Given material =

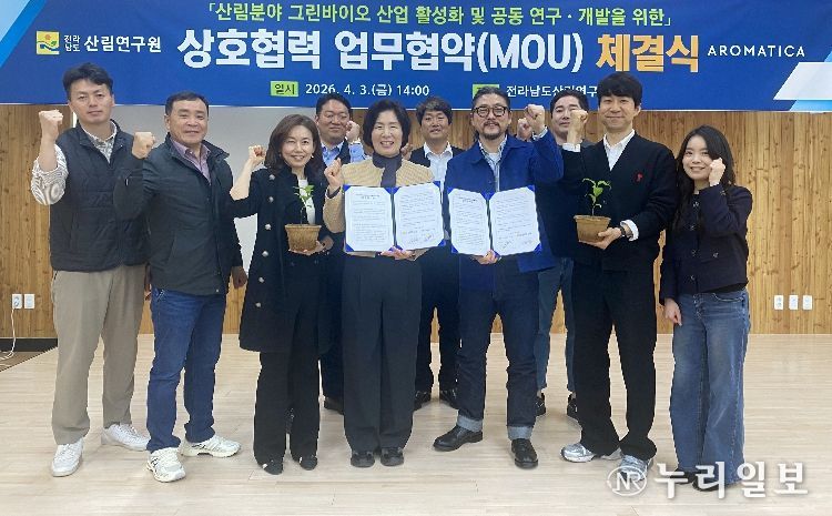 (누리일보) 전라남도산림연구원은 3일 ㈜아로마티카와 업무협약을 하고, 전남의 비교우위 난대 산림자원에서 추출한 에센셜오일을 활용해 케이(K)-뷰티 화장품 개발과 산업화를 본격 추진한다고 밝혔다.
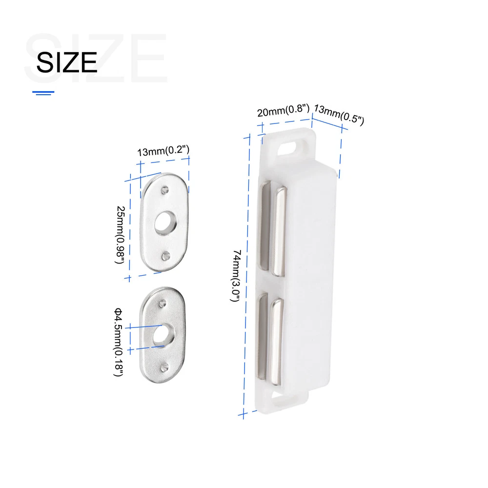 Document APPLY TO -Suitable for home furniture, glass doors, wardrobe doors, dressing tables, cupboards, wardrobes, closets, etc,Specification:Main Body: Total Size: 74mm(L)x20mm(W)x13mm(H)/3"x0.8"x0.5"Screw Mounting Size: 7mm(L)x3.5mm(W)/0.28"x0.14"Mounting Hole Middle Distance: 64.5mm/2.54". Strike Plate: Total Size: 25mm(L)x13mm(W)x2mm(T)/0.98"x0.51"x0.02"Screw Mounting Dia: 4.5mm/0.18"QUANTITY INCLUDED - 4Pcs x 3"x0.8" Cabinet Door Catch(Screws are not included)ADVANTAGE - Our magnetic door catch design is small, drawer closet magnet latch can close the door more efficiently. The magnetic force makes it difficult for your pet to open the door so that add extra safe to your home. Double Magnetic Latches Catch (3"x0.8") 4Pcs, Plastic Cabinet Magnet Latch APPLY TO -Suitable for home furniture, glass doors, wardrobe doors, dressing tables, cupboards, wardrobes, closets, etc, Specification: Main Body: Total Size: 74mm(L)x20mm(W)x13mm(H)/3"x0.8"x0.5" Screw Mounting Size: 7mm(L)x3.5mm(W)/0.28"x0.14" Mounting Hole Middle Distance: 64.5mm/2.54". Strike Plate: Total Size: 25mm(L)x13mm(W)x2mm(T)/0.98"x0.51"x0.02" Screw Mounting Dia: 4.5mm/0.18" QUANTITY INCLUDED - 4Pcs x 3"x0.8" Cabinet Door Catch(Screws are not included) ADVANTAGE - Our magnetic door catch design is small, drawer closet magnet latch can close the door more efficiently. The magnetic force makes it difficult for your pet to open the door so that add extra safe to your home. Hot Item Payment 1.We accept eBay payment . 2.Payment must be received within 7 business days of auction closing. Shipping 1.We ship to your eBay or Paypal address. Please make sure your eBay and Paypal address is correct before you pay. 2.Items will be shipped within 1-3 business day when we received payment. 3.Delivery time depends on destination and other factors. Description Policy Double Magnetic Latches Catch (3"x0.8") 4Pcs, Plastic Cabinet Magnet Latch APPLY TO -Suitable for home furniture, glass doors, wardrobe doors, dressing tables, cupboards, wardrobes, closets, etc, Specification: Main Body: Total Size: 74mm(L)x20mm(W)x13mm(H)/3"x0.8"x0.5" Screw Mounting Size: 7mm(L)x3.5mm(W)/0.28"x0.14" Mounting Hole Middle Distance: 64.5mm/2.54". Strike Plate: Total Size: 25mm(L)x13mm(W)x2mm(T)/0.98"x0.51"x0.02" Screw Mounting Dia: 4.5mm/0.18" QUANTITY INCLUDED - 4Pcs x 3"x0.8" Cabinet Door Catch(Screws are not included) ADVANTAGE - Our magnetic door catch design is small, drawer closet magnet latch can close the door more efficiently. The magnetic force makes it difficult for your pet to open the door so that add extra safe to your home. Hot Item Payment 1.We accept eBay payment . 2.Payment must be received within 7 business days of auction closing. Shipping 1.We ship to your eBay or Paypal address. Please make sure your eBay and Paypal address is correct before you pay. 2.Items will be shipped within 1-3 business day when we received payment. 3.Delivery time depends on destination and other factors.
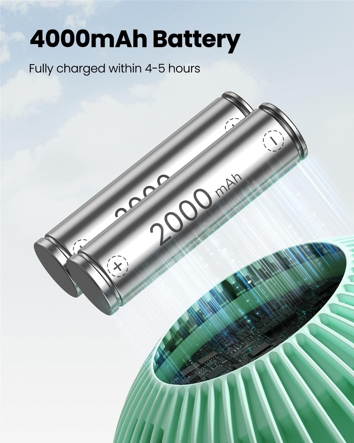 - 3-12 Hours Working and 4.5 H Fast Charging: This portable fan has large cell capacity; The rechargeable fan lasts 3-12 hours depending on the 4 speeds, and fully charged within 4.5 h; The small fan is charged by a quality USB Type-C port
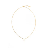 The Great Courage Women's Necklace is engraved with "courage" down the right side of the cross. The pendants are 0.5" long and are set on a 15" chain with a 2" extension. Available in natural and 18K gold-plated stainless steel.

Exercise =
From the line holding "- 3-12 Hours" to the last line of the listing, please output each line exactly as it stands. Pictures stay out of the copy.

Finished exercise =
 - 3-12 Hours Working and 4.5 H Fast Charging: This portable fan has large cell capacity; The rechargeable fan lasts 3-12 hours depending on the 4 speeds, and fully charged within 4.5 h; The small fan is charged by a quality USB Type-C port
 The Great Courage Women's Necklace is engraved with "courage" down the right side of the cross. The pendants are 0.5" long and are set on a 15" chain with a 2" extension. Available in natural and 18K gold-plated stainless steel.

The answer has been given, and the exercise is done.